# Advice needed on helping my little Kiwi



## niteowl (Jan 29, 2018)

*Kiwi is Sick - Need Advice - What Can I do to Help?*

One of my two budgies (Kiwi) seemed to be sick. We just arrived back from a two week vacation and Kiwi just finished molting. However, I started to notice the following:

-Tail bobbing, very apparent. 
-Always sleeping (with head tucked in wing). 
-Less vocal. Used to be VERY vocal. 
-Less active. Used to be VERY active.
-Increased apetite. 
-Poop seemed off. Very yellow rather than white and diarrhea with a large water spot. They recently started to eat pellets (Zupreem) which was the only diet change.

So I took Kiwi to the vet (avian). Kiwi has a slightly enlarged liver, round cloaca (supposed to be long, not round (?)), and the gram stain showed a large amount of gram (-) bacteria. And kiwi also had a bit of discharge from the cere.

She prescribed a broad spectrum antibiotic. What worried me is she said the infection it could be systemic. She said I'll know in about 4 to 5 days since thats when the medicine should start working.

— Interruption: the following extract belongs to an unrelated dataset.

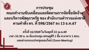 เมื่อ 22 เม.ย.69 เวลา 10.30 น. พ.ต.อ.วิศาลพงศ์ สร้อยกุลบดี รอง ผบก.ตชด.ภาค 3 พร้อมด้วย พ.ต.ต.ณัฐกฤต เกรียงวานิช สว.ฝอ.บก.ตชด.ภาค 3 (กบ.) ร่วมประชุมคณะทำงานขับเคลื่อนและการติดตามการจัดซื้อจัดจ้างและบริหารพัสดุภาครัฐ ของ สำนักงานตำรวจแห่งชาติ ตามคำสั่ง ตร. ที่ 598/2567 ลง 13 ธ.ค.67 ครั้งที่ 16/2569 ผ่านระบบออนไลน์ (Zoom meeting) ณ ห้องประชุม ศปก.ตชด.ภาค 3 โดยมี พล.ต.ท.กฤษฎา สุรเชษฐพงษ์ ผู้ช่วย ผบ.ตร. (บร 3) เป็นประธานการประชุม

Is there anything else I can do? This truly breaks my heart and just brings me to tears. Kiwi is still so young, just lost his baby bars. I'm providing extra warmth and made sure its low stress environment (as much as possible). I want to make these 4 days the best days for Kiwi.

If anyone has any suggestions, or maybe has an idea of whats happening to Kiwi, I would be so very much appreciative.


----------



## JRS (Sep 3, 2016)

Sorry to hear this. It sounds as though you’re doing all you can.

What’s happening?:
Kiwi has a bacterial infection as evidenced by the gram stain. The discharge from the cere could be due to an additional infection with a different microorganism, or it could due to spread from the gastrointestinal infection causing the diarrhoea. As there are two different systems that appear to be infected (GI and respiratory) your vet is concerned that the infection may be systemic, as in septicaemia. The vet doesn’t know which bacteria it is exactly (or whether it is multiple) and has therefore prescribed a broad spectrum antibiotic to try to cover all bases. 

Keeping Kiwi warm & stress free is great. Adding a millet spray may encourage him to keep eating. 
I’m assuming that your vet is aware that you have another bird and has advised you regarding possible cross infection - if not, I’d telephone and ask advice. You could also ask your vet if also offering guardian angel could help but I wouldn’t add this whilst taking antibiotics without the vet’s knowledge.

Why Kiwi has this infection, you’ll probably never know. Don’t blame yourself or the person who cared for them whilst you were away. Whilst good food/drink/cage hygiene obviously helps avoid this, often it’s just bad luck. Maybe Kiwi isn’t genetically very ‘strong’. Maybe the infection coming at the end of a moult when he was feeling a little run down, allowed it to take hold. Maybe the person caring for the birds didn’t know them as well as you and so didn’t realise that he was sick. We just don’t know. 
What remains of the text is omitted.